A majority of the early research surrounding the effects of marijuana on fertility concentrated on the observation that sperm would become hyperactive after ejaculation, rendering them “burnt out” and incapable of sustaining the stamina necessary to reach the egg.
How Smoking Weed Affects Female Fertility
Much as cannabinoid receptors were found in sperm cells, they are present in the female ovaries, the uterine endometrium, and even the developing embryo. High levels of anandamide are necessary for successful ovulation, so it would seem at first glance that smoking weed would increase your chances of ovulation. Right?
Well, unfortunately, lower levels are advantageous for the binding of a fertilized egg to the uterine lining. The endocannabinoid system is incredibly fickle throughout the fertilization process. Tweaking the natural presence of anandamide can result in a great deal of pregnancy failure and female infertility.
Interestingly enough, the average time to conception was significantly shorter for women who had used marijuana regularly. Perhaps those females were having more sex due to the aphrodisiac effects of cannabis and, thereby, increased their chances of success?
Smoking Weed DOES Hurt Your Chances Of Getting Pregnant
The evidence that showcases the various ways in which marijuana use affects fertility in both males and females is massive. Despite the incredible amount of unexpected pregnancies we regularly hear about, getting pregnant is a pretty fickle process! A female can only get pregnant a couple of days each month and the journey from the testes to the fallopian tubes is incredibly arduous. Thus, anyone serious about starting a family should seriously consider taking a break from smoking. You definitely need all the odds in your favor! You wouldn’t want to end up in peril like Monica and Chandler when they found out they couldn’t conceive…
Of course, if you are using marijuana for medical purposes you shouldn’t stop treatment; marijuana doesn’t make it impossible to conceive, it just makes it that much harder.

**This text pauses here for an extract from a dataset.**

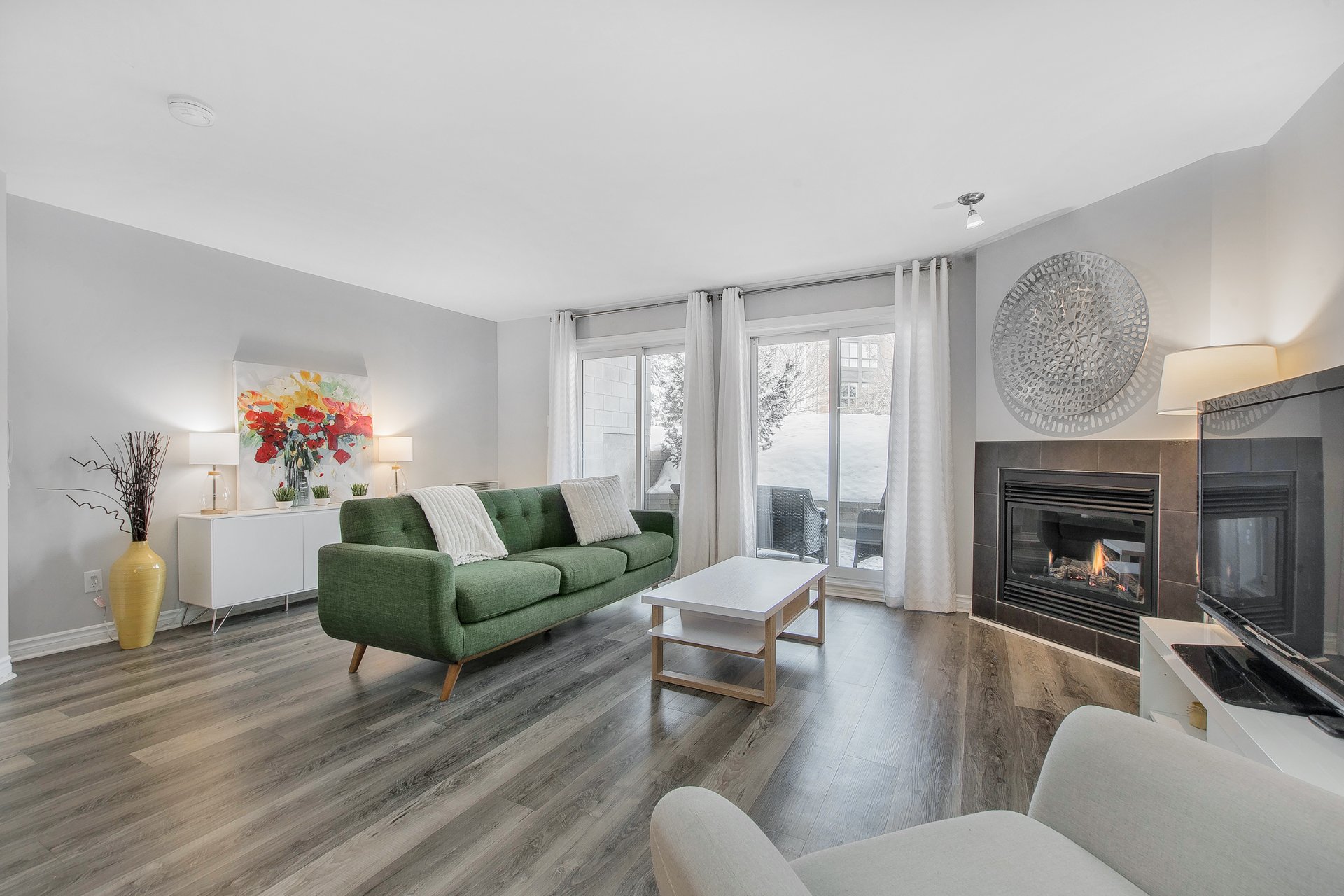 - Salon avec foyer au gaz vous offrant une belle ambiance durant les temps frais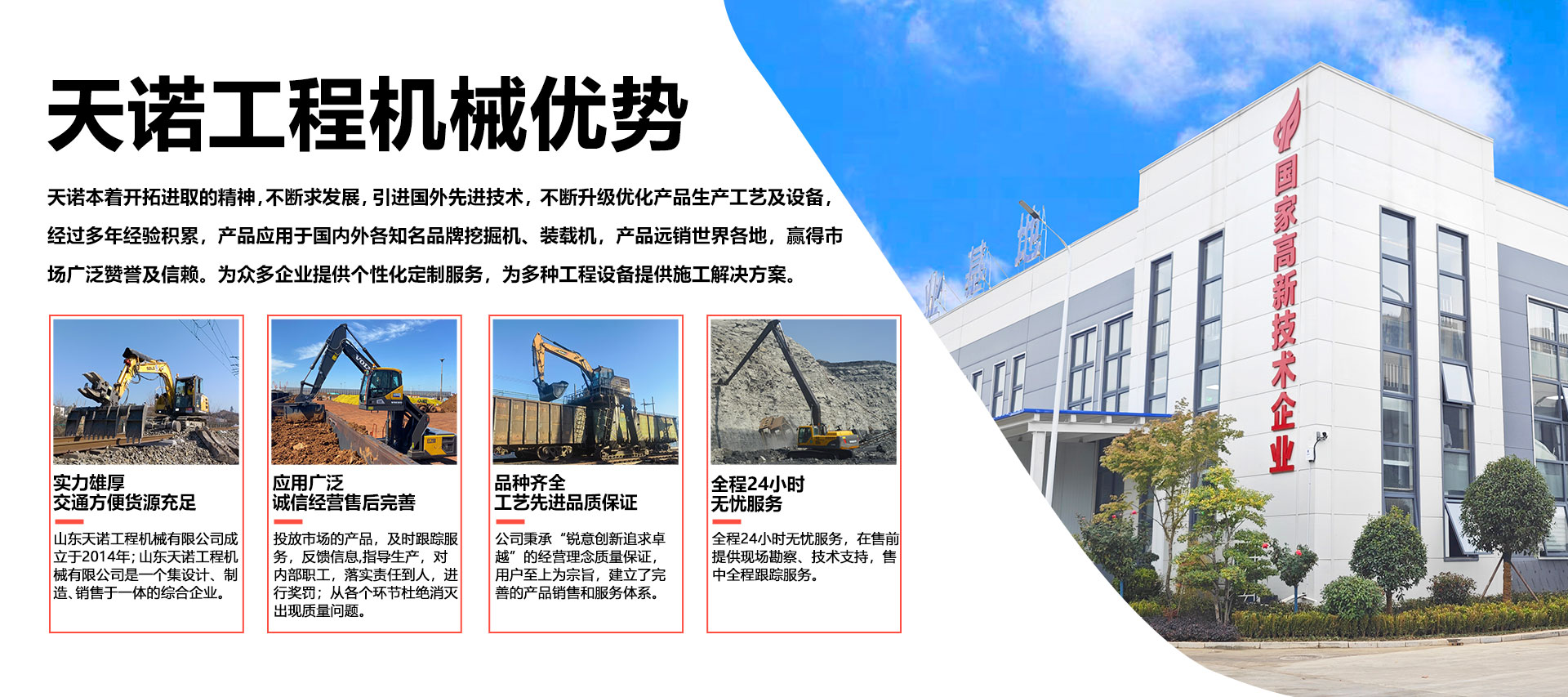 山東天諾工程機(jī)械有限公司成立于2014年;天諾工程機(jī)械是一個(gè)集設(shè)計(jì)、制造、銷(xiāo)售于一體的綜合企業(yè),生產(chǎn)產(chǎn)品適配各種工程機(jī)械設(shè)備,主要有:鐵路換枕機(jī)改裝,挖掘機(jī)升高底盤(pán),挖掘機(jī)駕駛室升降,加長(zhǎng)臂、三節(jié)臂、打樁臂、巖石臂定制,多型號(hào)挖斗鏟斗定制,裝載機(jī)防滑履帶,多種類(lèi)鐵路維護(hù)屬具等產(chǎn)品。

It’s important to note that the effects of marijuana on getting pregnant, from both a male and female perspective, are temporary. Smoking marijuana does not make you permanently infertile! It merely limits your reproductive capabilities in a window surrounding your use. Since sperm takes an average of 60 days to fully mature, refraining from marijuana use won’t show any positive effects on your sperm until then. To increase your chances of fertility, we suggest both males and females refraining from marijuana use for 60 days before trying to get pregnant.
Pro Tip: CBD can actually help to block THC from activating cannabinoid receptors and creating adverse side effects by way of an anandamide imbalance. If you’re going to continue using marijuana while trying to conceive, we’d strongly suggest mixing some High CBD Strains into your concoctions.
Pro Tip #2: Chili peppers (i.e. their active ingredient, capsaicin) can also help release anandamide. Restraining from spicy foods might also assist with getting pregnant.
While it may seem difficult to take a break from smoking marijuana, at least you’ll be having a lot of sex and you’ll get your tolerance back! For males, returning to marijuana after successfully getting pregnant can be a fantastic form of celebration. You’ll have the munchies and strange cravings right alongside your pregnant counterpart.